WOMENS TRACK: Koll almost ready to return to team after back injury

Iowa States Lisa Koll broke the school record and her own personal record for the 5000 meter run earning 1st place with a time of 15:52.37 Friday Feb. 15, 2008 at the Lied Recreational Center. Over 90 teams from all over the country competed at the ISU classic.

Kevin Zenz

Iowa State’s Lisa Koll broke the school record and her own personal record for the 5000 meter run earning 1st place with a time of 15:52.37 Friday Feb. 15, 2008 at the Lied Recreational Center. Over 90 teams from all over the country competed at the ISU classic.

Jake Lovett

There is almost no tightness in her small, slender frame as she paces around the track.

Her stride looks as fluid as ever and shows only the slightest hesitation as she approaches the top end of her break-neck pace.

Everything may look right as she glides down the track, but Lisa Koll isn’t ready.

“I don’t feel totally normal yet,” Koll said. “Running isn’t completely comfortable yet, but I think a lot of that is just in my head.”

Koll — a junior from Fort Dodge and the defending national champion in the 10,000-meter run — has been kept out of competition since the ISU Open in January due to a lingering lower-back injury.

She has been rehabbing the injury since mid-February, but for much of that time the injury has kept her from even training every day, greatly slowing the comeback process.

Now, however, she is close to 100 percent healthy and is trying to get back in to race shape.

“I’m never, ever going to say again that I’m injury-free because I’d need to knock on some wood if I did that,” Koll joked. “But now my injury is not hindering my training at all.”

The training Koll speaks of is as intense as ever.

She has returned to running 70 miles per week, but is having only two intense workouts each week.

With each workout that she manages to get through healthy, Koll gets a little more comfortable running at competition speed.

“I have a good base, and even fitness-wise I even feel comfortable going out and doing long-tempo runs,” Koll said. “The only thing I need to get back right now is speed and getting comfortable with running fast again.”

Koll emphasized she did not want to rush back into competition, and made sure to say she would not risk the big picture for a comeback too early in the season.

There is one meet in the middle of the season, however, that could be too tantalizing to pass up for a competitor like her.

On April 22-25 in Des Moines, the Drake Relays will come calling to the nation’s elite, and both Koll and her coach have that weekend circled on their calendars marking the ideal time for her to begin her outdoor campaign.
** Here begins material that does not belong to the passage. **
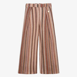 Girls zigzag patterned trousers by Missoni are crafted from a luxurious knitted fabric, showcasing a vibrant design in pink tones. Perfect for adding a playful touch to any autumn or winter wardrobe, these trousers offer comfort and style with their soft viscose lining. Designed for junior girls, they feature a wide-leg fit that pairs beautifully with a cosy jumper or chic top. Don't miss out on these limited-quantity pieces, ideal for fashion-forward young ones.
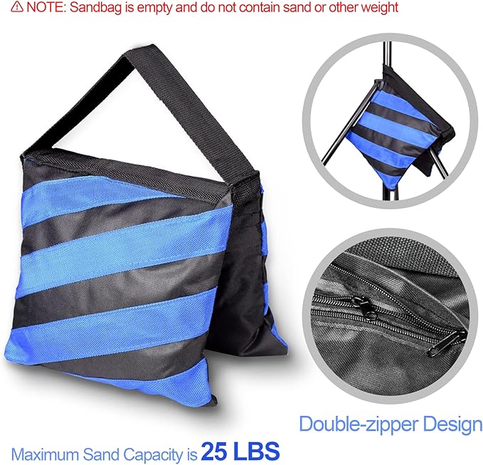 - 【Photography Weight Sandbag】: Premium quality nylon, blue and black stripe, more conspicuous and stabilize photo support equipment. (NOTE: this bag comes empty, please filled with gravel, or any other material to add weight and the maximum capacity is 25 LB.)

“I would like her to be back that weekend, whether it be at Drake or somewhere else,” coach Corey Ihmels said.

Ihmels — who was hired on as the head track and field coach two seasons ago — has been working with Koll since her freshman year in cross country, and been working with her on the track for the last two seasons.

“We’re just going to see how things progress, but I think she’ll be ready to go by that time,” Ihmels said.

There are just under three weeks of preparation between now and the Relays, if Koll does decide to begin her 10k title defense on the famed blue surface at Drake.

But, Koll isn’t concerned as much with the pageantry of the mega-meet so much as she is concerned with her overall preparation for the outdoor season, namely the end-of-season championships.

She said earlier in the week she would definitely be back in time for the Big 12 Outdoor Championships in mid-May, but seemed confident that she would be able to return much earlier than that.

Ihmels also had a great deal of confidence in his star runner and her preparations for the road ahead.

“The good thing about Lisa is, she’s not going to need a lot of races,” Ihmels said.

“She’s working as hard as I’ve ever seen her, so in that respect I think she’s going to be pretty tough to beat.” Koll’s focus right now, though, is to continually push herself farther and harder every day, so she can get into shape more quickly and efficiently.

That push constantly puts her patience at odds.

She knows she cannot work too quickly, or risk everything she has worked so hard for thus far. “Sometimes I think ‘Oh, what’s wrong? Is that a bad pain? Is that okay?’” Koll said. “But, like I said, I’d rather be healthy and feeling good at the end of June than rushing back into things too early now.”